9.20.2010

Jumping Into Epistemic Rhetoric

I've now taught Barry Brummett's 1979 conference talk "Three Meanings of Epistemic Rhetoric" to 10 sections of undergraduate students—either in professional writing or my introduction to digital literacies course.

I teach the piece for several reasons: it's fairly brief (at about 7 pages); it's incredibly complex; it offers breadth in perspective; it suggests important implications for the study of rhetoric; and it deals with fundamental human problems concerning the relationships among truth, reality, and language.

I realize the piece is difficult for students who are overwhelmingly unfamiliar with the insider discourse that permeates Brummett's argument.

But what continually amazes me is how much students actually get out of the article. Literally every time I've taught it, regardless of the institution or course, I've been shocked by how many students "get it."

My dissertation director, Helen Foster, once suggested to me that undergraduate students were often able to deal with the really big problems in rhetoric better than graduate students—that they might perhaps be more willing to weigh contradictory ideas simultaneously. Though it's anecdotal, I've found that, despite the difficulties of the article, my undergraduate students consistently display a willingness to explore what it means to be, how we come to know, and how language plays a significant role in both.

One of the key components of Brummett's article is his discussion of the implications for rhetoric associated with each of the three meanings he details. So, for example, if we subscribe the methodological perspective that he lays out, our notions of a posteriori knowledge are seriously limited, and rhetoric's role in the shaping of truth and knowledge is virtually nil. In this view, rhetoric is simply a means of communicating an a priori reality and has no significant role in shaping that reality. It's a conduit, a dumb pipe.

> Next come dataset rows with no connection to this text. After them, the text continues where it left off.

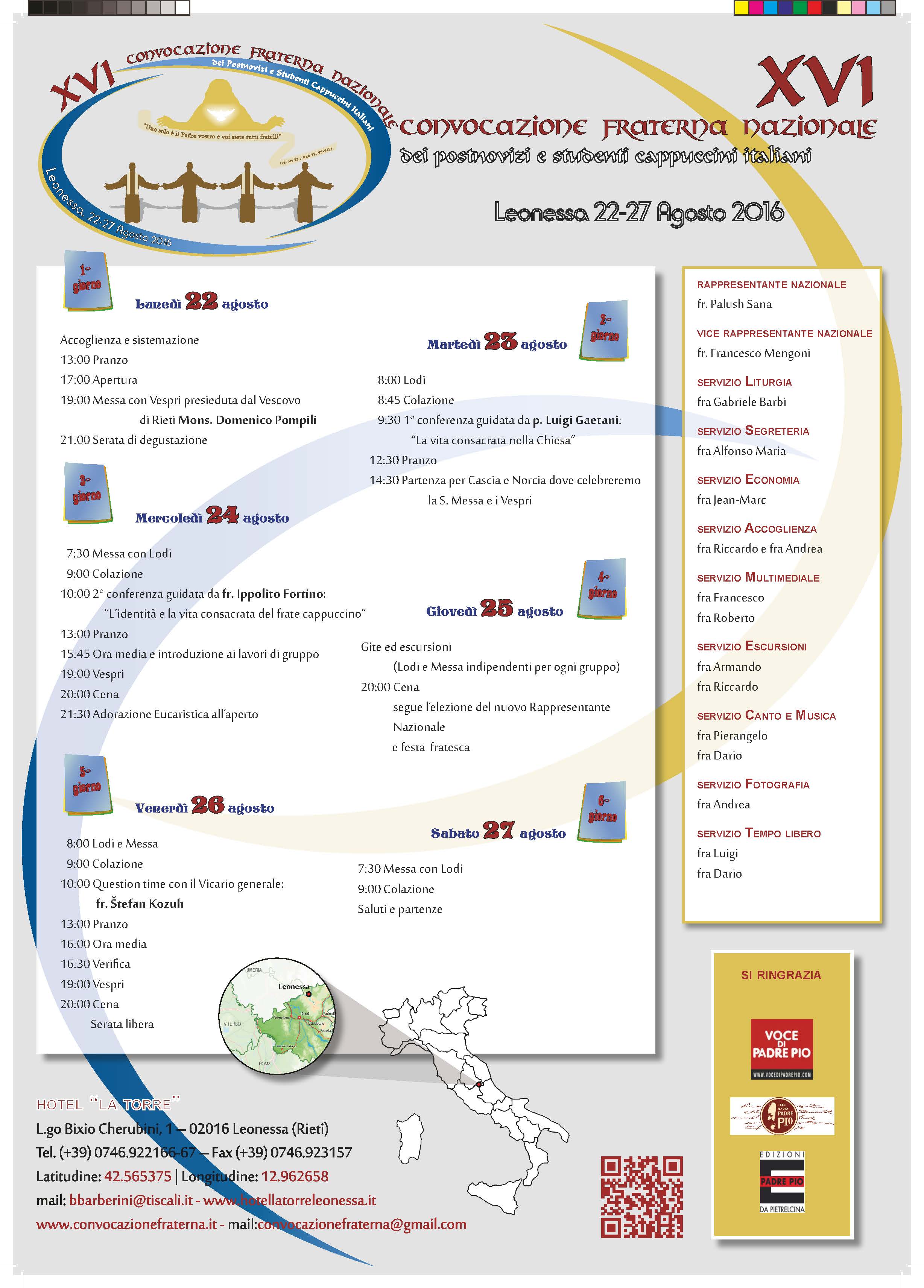Si svolgerà dal 22 al 27 agosto a Leonessa il raduno che i frati Cappuccini svolgono da sedici anni a questa parte a livello nazionale, includendo tutti gli studenti postnovizi e gli studenti teologi, per discutere su alcuni temi caratteristici del carisma francescano-Cappuccino, quali la povertà, il lavoro, la preghiera.
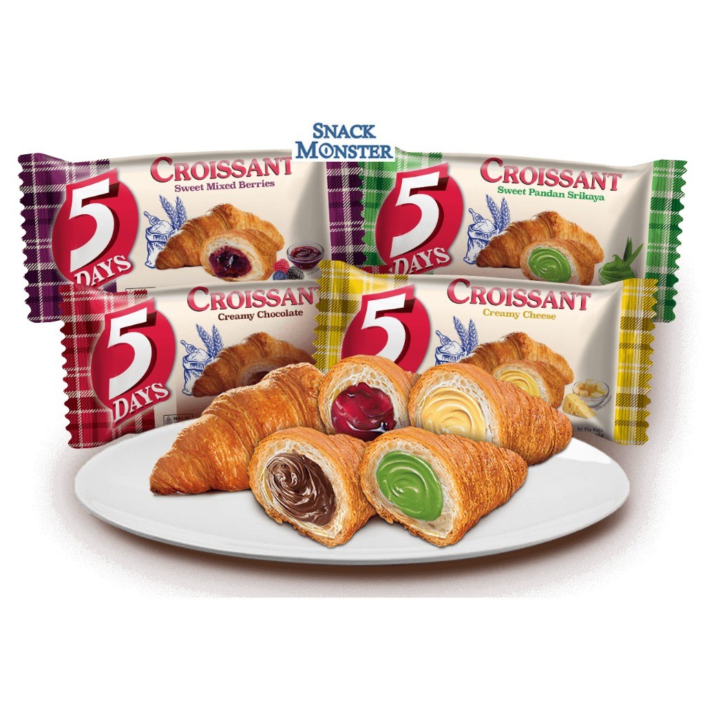5 Days 5Days Roti Croissant Kue Rasa Chocolate, Cheese - Netto 60 gr
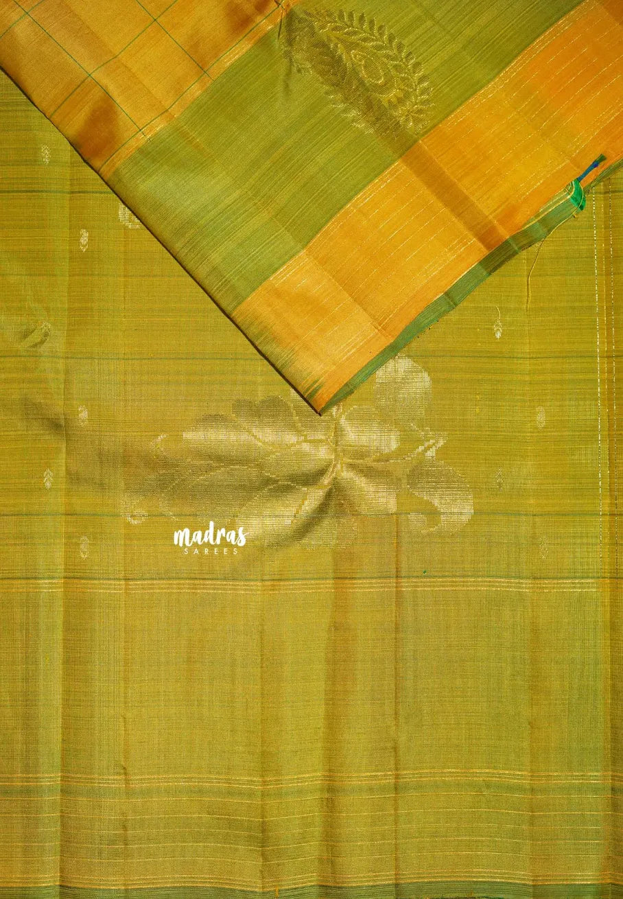 The pallu is elegantly woven with a prominent zari motif, adding depth and a focal point to the saree. With its combination of checks, minimal buttas, and a richly detailed border, this saree is a perfect choice for those who appreciate a blend of simplicity and traditional craftsmanship.

But the implications of studying rhetoric and literacy change drastically when we consider the other two meanings he details. And once students begin to thoughtfully consider how human knowledge gets made and communicated, and what rhetoric's role is in doing so, the importance of studying rhetoric—regardless of one's discipline or professional domain—becomes not just significant, but crucial.

I typically provide a little bit of background before they jump in to the article, letting students know that he's not arguing for all three perspectives, that he's doing some lit review in each instance, and that he's using a very specific disciplinary discourse. By the time they encounter it, they've also had a basic primer on terms like epistemology, ontology, rhetoric, and discourse.

But other than that, I don't provide much detail. I encourage them to simply dive in and work hard to make sense of the ideas.

It's continually amazing to see what they generate.